Platform · Full-time · Remote (Nepal)

Staff Runtime Engineer

About the role

The agent task execution engine is the core of everything we ship. It decides how work moves through a system — what runs in parallel, what retries, what escalates, and what gets surfaced to a human. As the Staff Runtime Engineer, you own that engine: its architecture, its reliability posture, and its performance envelope across every client deployment.

This is not a maintenance role. We are actively rearchitecting the runtime to support more complex agentic workloads — multi-step reasoning chains, approval gates, real-time observability hooks, and cross-system handoffs. You will drive those architectural decisions, mentor engineers across the platform team, and be the technical voice when customers ask hard questions about how their systems behave under load.

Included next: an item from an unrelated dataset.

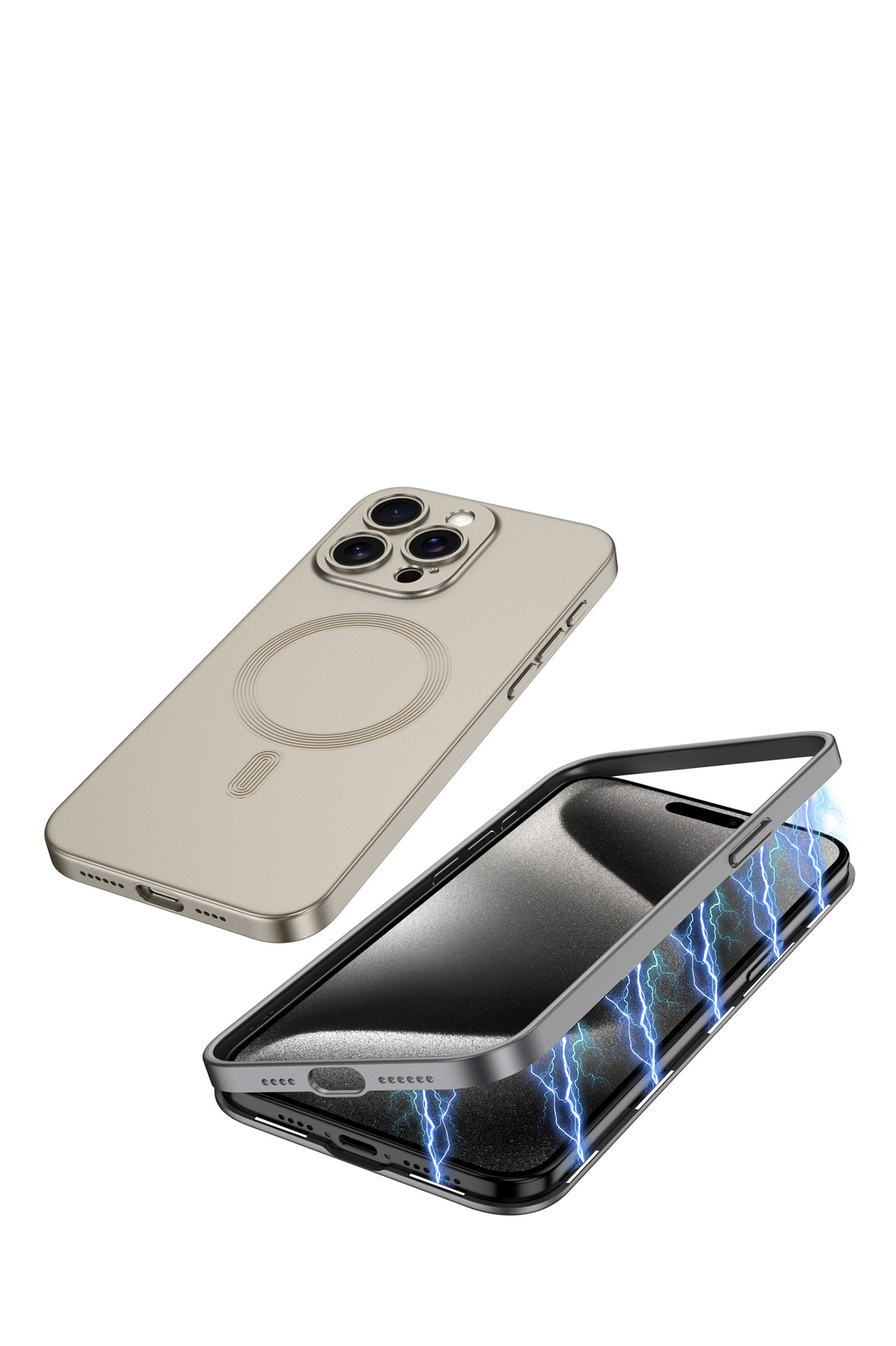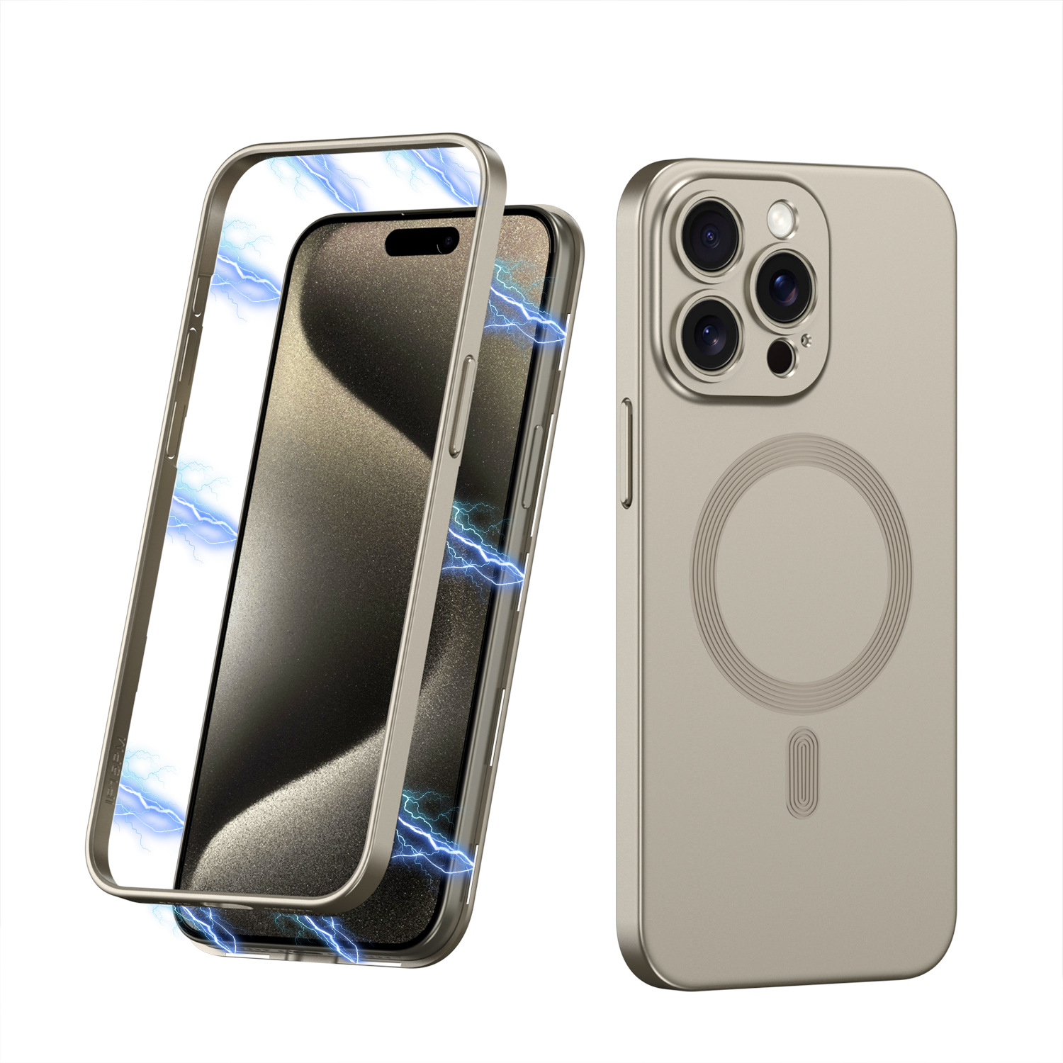 | وصف | كفر معدني مغناطيسي ملتصق داعم لا الشحن لجهاز ايفون 15 برو+ايفون 15 برو ماكس |

We build with a Linear and Vercel aesthetic in mind: decisions should be defensible, systems should be boring in the best way, and the runtime should be the part of the stack that never makes it into a postmortem. If you care about making the infrastructure layer invisible so product teams can move fast, this is the role.

What you'll do

Own the design and evolution of the agent task execution engine, including scheduling, retry logic, cancellation, and concurrency controls.
Define and enforce SLOs for task throughput, latency, and error rates across production deployments — and own the on-call rotation for runtime incidents.
Build and maintain the observability layer: structured telemetry, distributed tracing, and the dashboards that let both our engineers and customers see what their agents are doing in real time.
Lead architectural reviews for new runtime capabilities, ensuring changes are backward-compatible, well-instrumented, and tested against adversarial workloads before they reach production.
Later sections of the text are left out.